The run up to see the Tucson guys will nail down your car weight for sure. I am guessing the MK2 FFR comes in close to about 2400 pounds max. That is with a driver and as you drove it to the scales. John am I close or can you help with a more educated estimate? Until we hear different lets use the round numbers of 2400 LBS.... maybe a bit high?

The web is full of huge HP claims but a quick scan showed me engines with your goodies averaged from 350 to 450 HP. Found one guy claiming 535HP but had very worked heads and more goodies.
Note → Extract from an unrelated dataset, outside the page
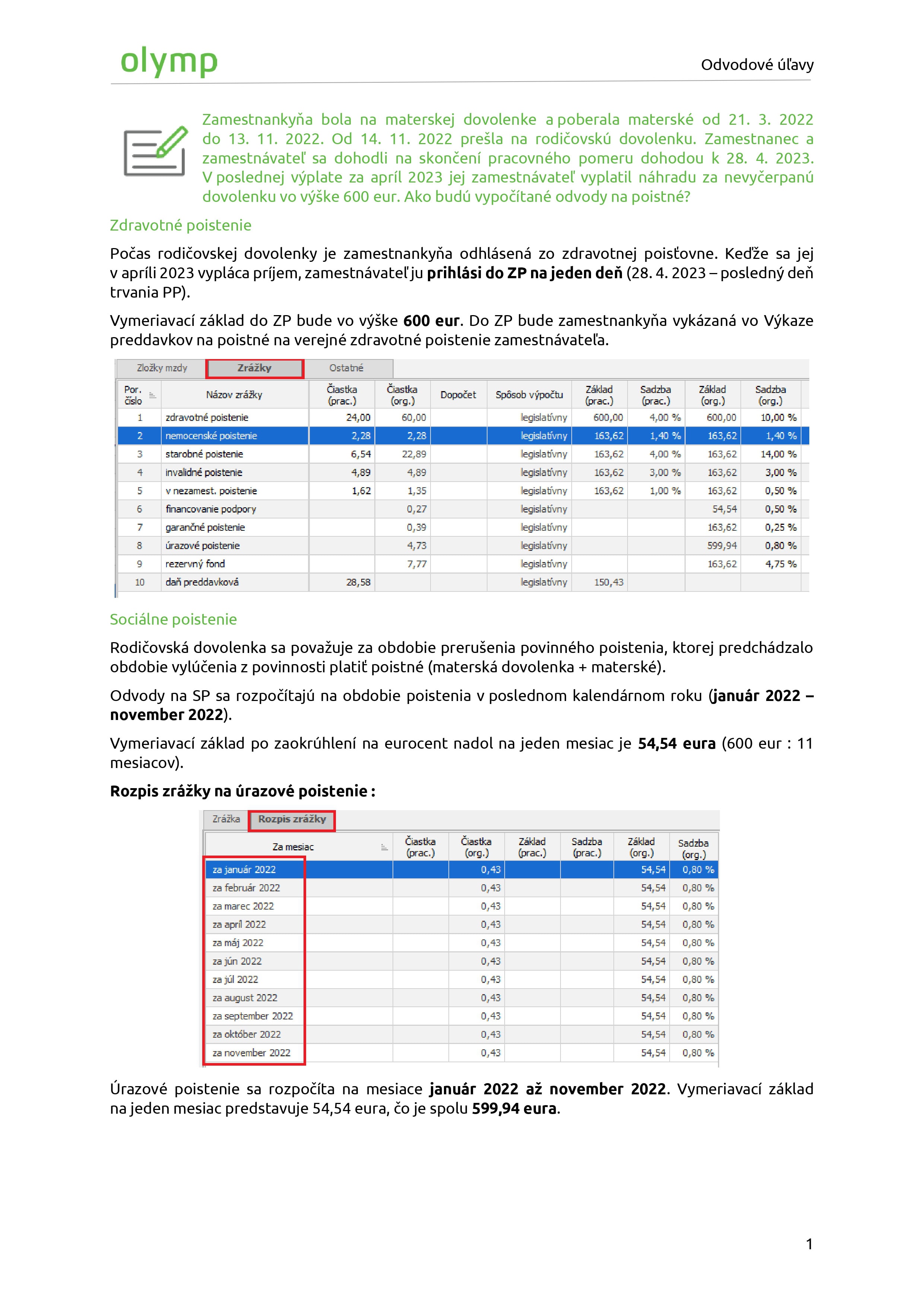 V e-booku sa venujeme odvodovým úľavám, ktoré si zamestnanci uplatňujú. Na zdravotné poistenie si môžu niektorí zamestnanci uplatniť odpočítateľnú položku, ktorá im zníži vymeriavací základ. Iní zo svojho príjmu neodvádzajú poistné na zdravotné poistenie vôbec. Výnimky sú aj na sociálne poistenie, kedy sa poistné z vymeriavacieho základu neodvádza do všetkých poistných fondov.
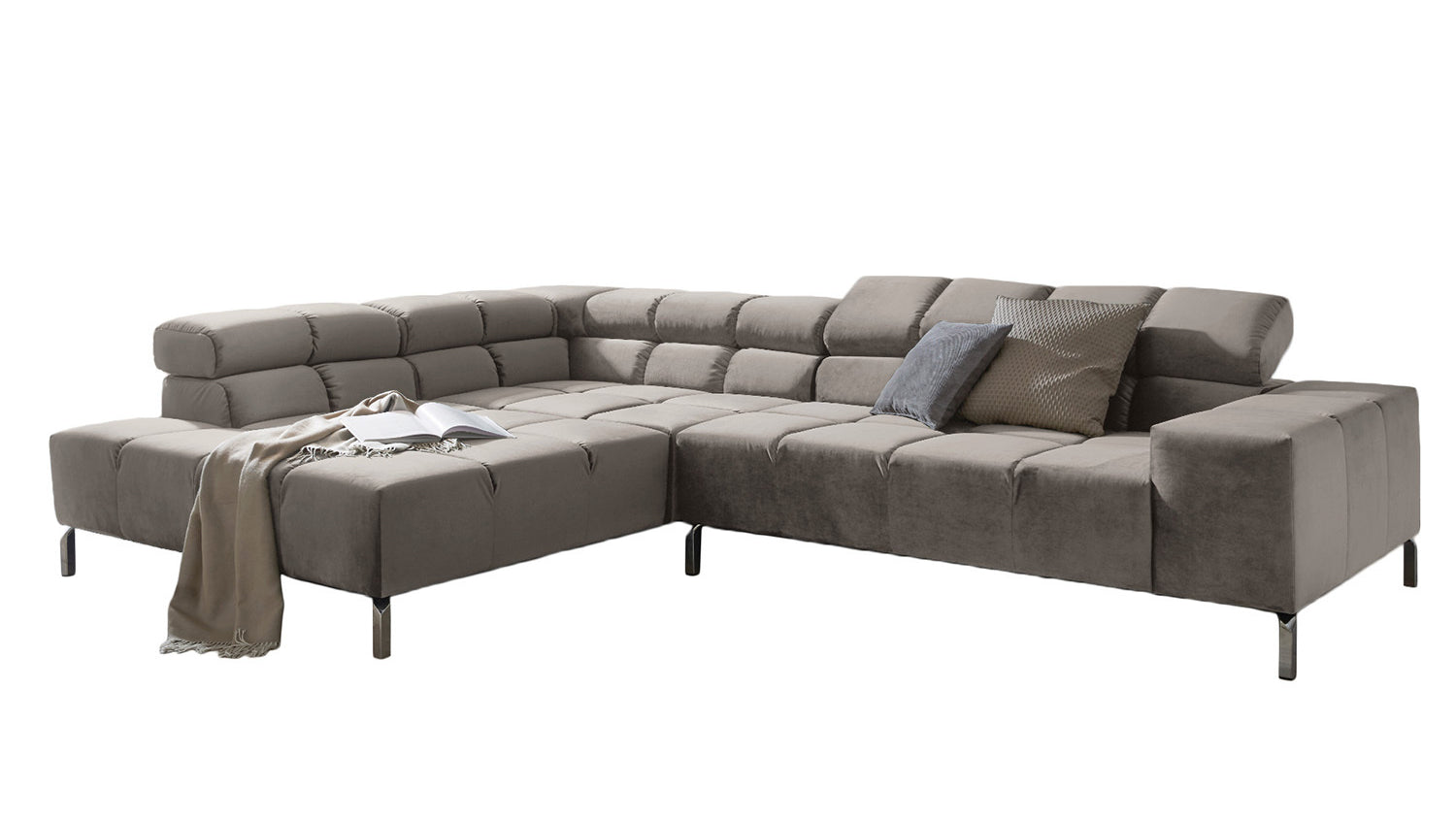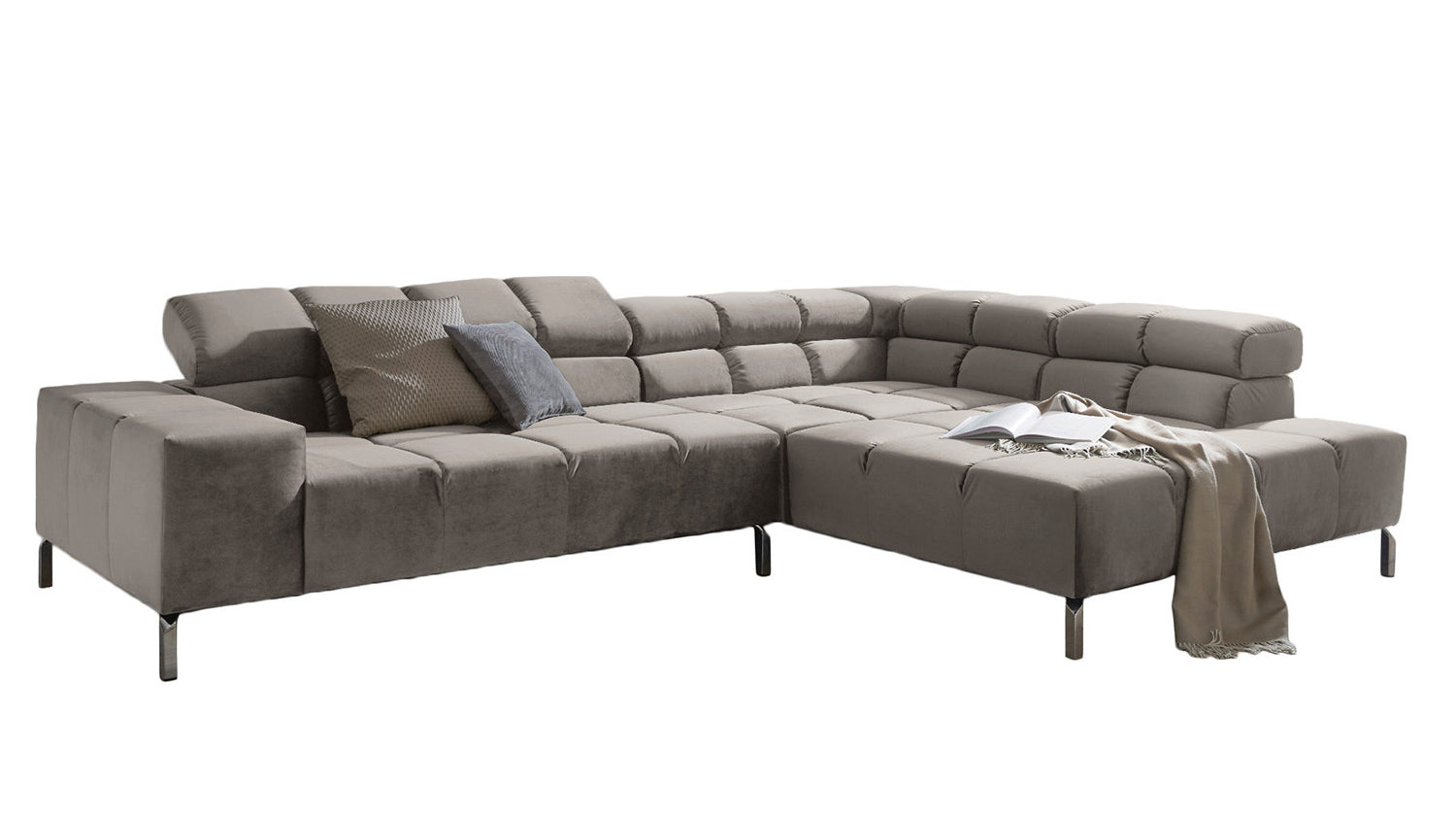 KAWOLA Sofá NELSON esquinero Terciopelo plata

I know it is all just chatter until you get the pulls on paper but ballpark numbers at least. If she weighs 2400 LBS and use 350 Hp minus 15% drive train loss then you get 297.5 rear wheel HP so 8.06 pounds per horse and @ 450 hp - 15% = 382.5 and 6.274 LBS per horse. 8 .06 or 6.27 pounds per horse is pretty respectable.

A Shelby GT500KR with advertised 540 Hp minus the same 15% = 459 HP and at 3900 pounds tips the HP per pound to 8.49 LBS per pound. The Shelby is supercharged and uses advertised HP but bet it is a real number. Just bench racing but the numbers are a hoot to compare. The old days you were lucky to get over 1 horse per cubic inch to the wheels and that is in a tank with a zillion pounds.